What's the fuzz all about?

Randomized data generation for robust testing

  • Moritz Gronbach, Blue Yonder
  • EuroPython 2015, Bilbao, Spain

About me and why I want to talk about this

Predictive Analytics

(picture CC by Nancy Nance)

Predictive Analytics


In [ ]:
import secret_algorithms

def create_pipeline():
    pipeline = []
    pipeline.append(TimeSeriesProcessor())
    pipeline.append(WeatherData())
    pipeline.append(secret_algorithms.SuperModel())
    return Pipeline(pipeline)

Big Data

Big Complex Data

If things go wrong in our code...

Actually the reality is closer to this

For general happiness...

  • need to check as many edge cases as possible
    • before going into production
    • even the cases we don't think about! ## Dynamic unit testing can help!

What is dynamic unit testing?

Property-based testing + Fuzzing

  • Test cases are generated automatically
    • Fuzzing
    • Parameter Templates
  • Function behaviour is checked for
    • crashes
    • timeouts
    • universal properties

Static Testing

  • test cases provided by the user
  • function behaviour precisely defined by the user

Dynamic and Static

Attributes of tests

  • Precision
    • How closely is the expected behaviour defined?
  • Case Coverage
    • What proportion of the input space is covered?

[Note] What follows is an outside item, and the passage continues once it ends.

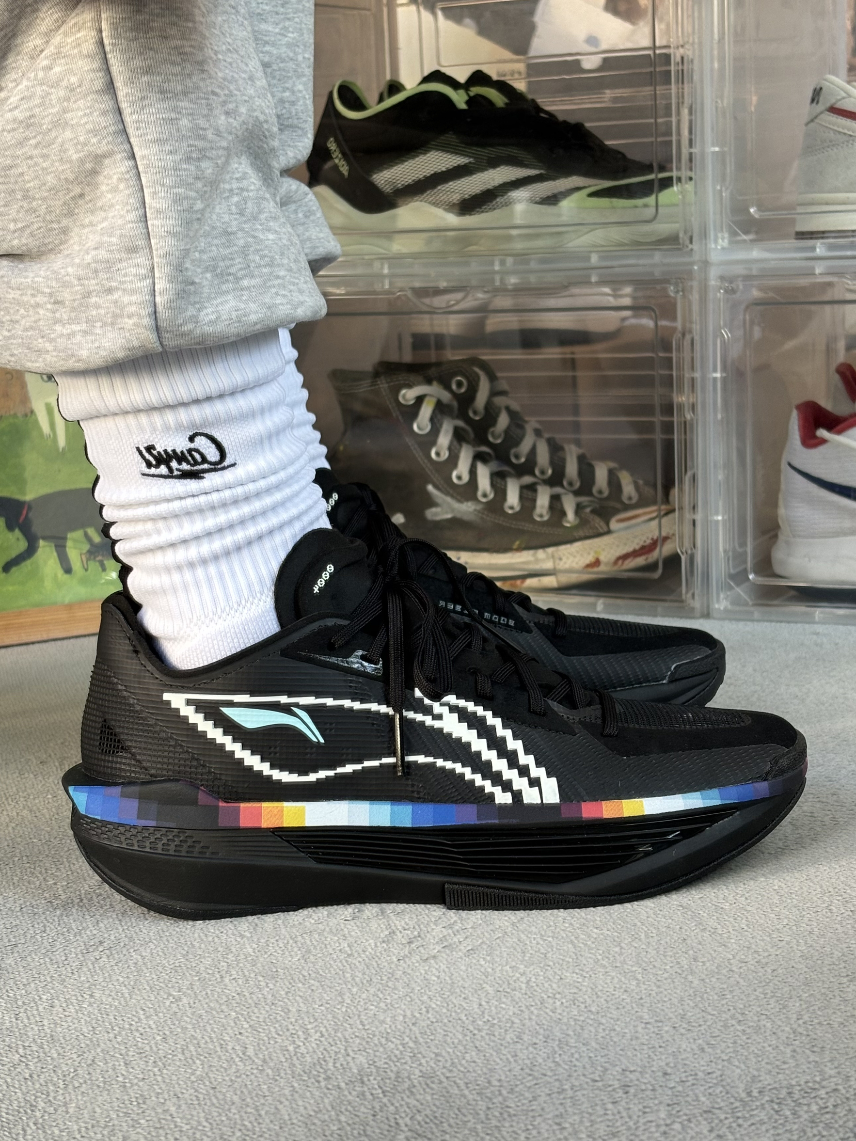 今天分享的这双纯黑色球鞋 上脚很轻很快的感觉 而且质感也很不错 颜值方面有一点点像gtcut 个人觉得性能和颜值都不错 但是有点不明白为什么火不起来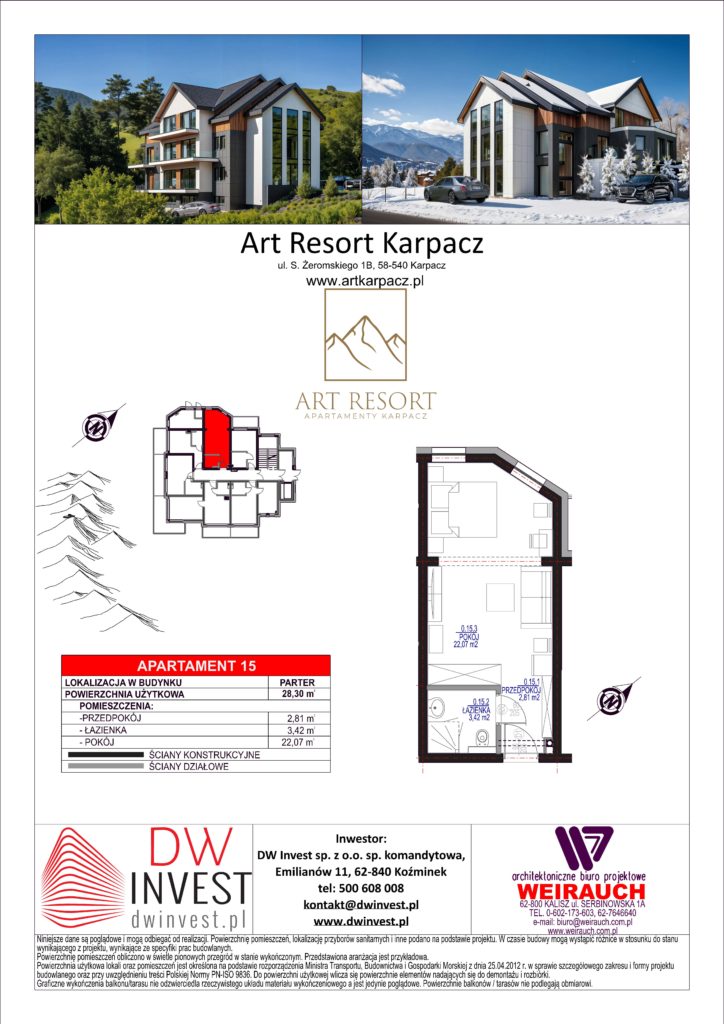 Poniższe zdjęcia przedstawiają przykładowe wizualizacje i standard wykończenia Art Resort Karpacz. Finalny układ, metraż i rozmieszczenie elementów wyposażenia apartamentu mogą się różnić w zależności od wybranego numeru lokalu.

Does case coverage matter?

Does it really matter if we check 5 out of 2^64 cases, or 5000 out of 2^64 cases?

Often, yes!

  • Let's say there is a numerical instability in your algorithm
  • Only one percent of all inputs are affected
  • Probability to detect this instability using five cases
    • 1 - 0.99^5, about 0.05
  • Probability to detect this instability using 5000 cases
    • 1 - 0.99^5000, nearly 1

Dynamic tests help you find case classes you didn't think about

Static and Dynamic

  • Static
    • high precision, low case coverage*
  • Dynamic
    • low precision, higher case coverage*

* usually approximately true

  • Static and Dynamic testing complement each other
  • Uncertainty principle of unit testing: can't have both high precision and high case coverage

Dynamic Testing in Python

  • We use hypothesis
    • QuickCheck-style testing for Python
    • stable, but in ongoing development
    • a lot of innovative features

Let's do an example!


In [2]:
from math import sqrt


def fib(n):
    """Computes the n-th Fibonacci number.
    fib(0) == fib(1) == 1
    fib(n) == fib(n - 1) + fib(n - 2)
    1, 1, 2, 3, 5, 8, ..."""
    sqrt_5 = sqrt(5)
    p = (1 + sqrt_5) / 2
    q = 1/p
    return int((p**n + q**n) / sqrt_5 + 0.5)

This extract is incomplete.